In a study led by the University of Leeds, a team of scientists examined why Earth has predominantly experienced a “greenhouse” state without ice caps for so long and why our current climatic conditions are considered exceptional.

The researchers discovered that the planet’s present ice-covered condition is not the norm and emerged from fortunate circumstances.

Various theories have been proposed to account for historical cold periods on Earth, such as reduced carbon dioxide emissions from volcanic activity, enhanced carbon sequestration by forests, or the interaction of carbon dioxide with specific rock types.

This study marks the first comprehensive examination of these cooling mechanisms within a groundbreaking 3D Earth Evolution Model developed at the University of Leeds, made possible by advancements in computational technology.

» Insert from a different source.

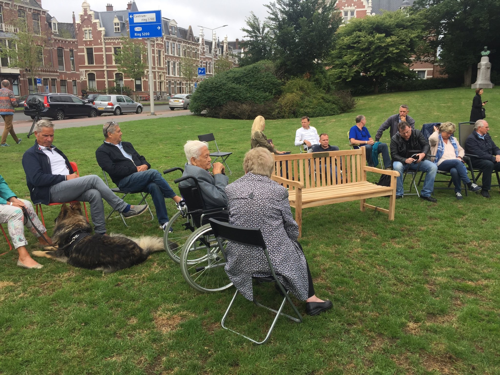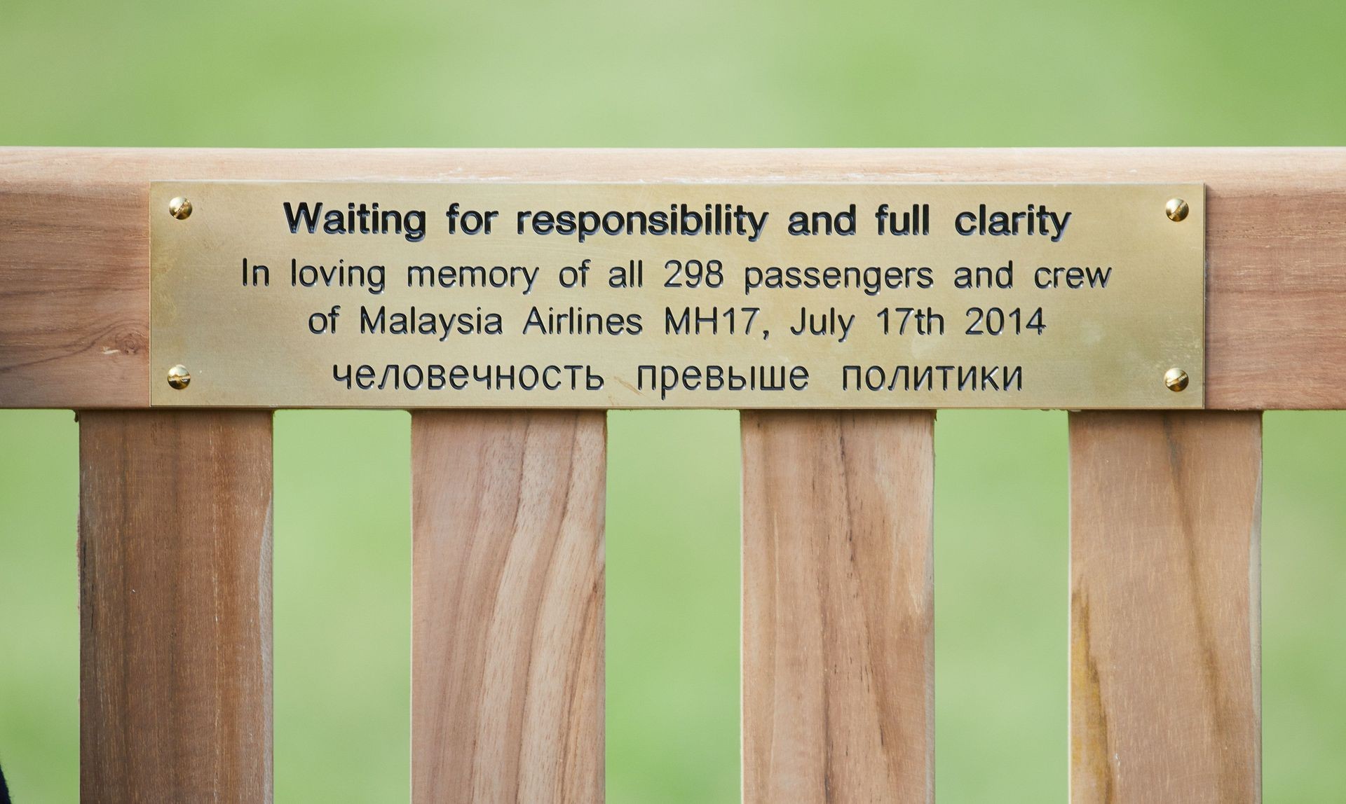 15 демонстрантов разместили на лужайке перед российским посольством скамейку с прикрепленной к ней табличкой. На табличке две надписи на английском и русском: «Ожидаем ответственности и полного расследования» и «Человечность превыше политики» соответственно.

The findings revealed that no single factor is responsible for establishing these cold climates; rather, a combination of several processes is necessary. The results of this research were published in the journal Science Advances on February 14, 2025.

This work is poised to clarify ongoing debates within Earth Sciences about the factors contributing to these colder epochs.

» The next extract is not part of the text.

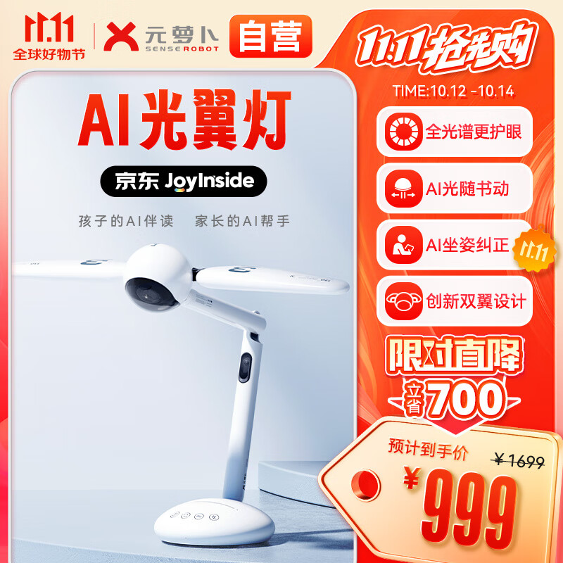 元萝卜SenseRobot京东JoyInside大模型光翼机器人桌面光翼灯AI学习专注力儿童护眼灯智能阅读台灯国AA全光谱家用

Lead author Dr. Andrew Meredith, who conducted this research at the University of Leeds’ School of Earth and Environment, explained that the study sheds light on why icehouse conditions are infrequent.

“We now understand that the existence of ice caps on our planet—rather than a planet devoid of ice—is due to an unusual combination of minimal global volcanic activity and widely distributed continents with significant mountain ranges. These conditions promote substantial global rainfall, which in turn enhances processes that remove carbon from the atmosphere,” he noted.

“This suggests an important insight: Earth’s natural climate regulation tends to favor a warmer, high-CO₂ environment without ice caps, rather than the semi-glaciated, low-CO₂ world we currently experience.

“We believe this inherent tendency towards a warmer climate has contributed to averting catastrophic global glaciations, often referred to as ‘snowball Earth,’ which have been exceedingly rare and have allowed life to thrive.”

Professor Benjamin Mills, who oversaw this project at Leeds’ School of Earth and Environment, added that these results hold significant implications for understanding global warming and our immediate environmental trajectory.

“An essential takeaway from this study is our expectation that Earth will not necessarily revert to colder conditions as seen in the pre-industrial era,” he explained.

“The current state of our planet, characterized by ice coverage, is atypical in the context of its history, yet our global society has come to rely on it.

“We must strive to protect it and remain cautious of the assumptions we make about the return of cold climates if we allow excessive warming to persist before halting emissions. Throughout history, Earth has favored warmer conditions, but our human society thrives in the cooler climate.”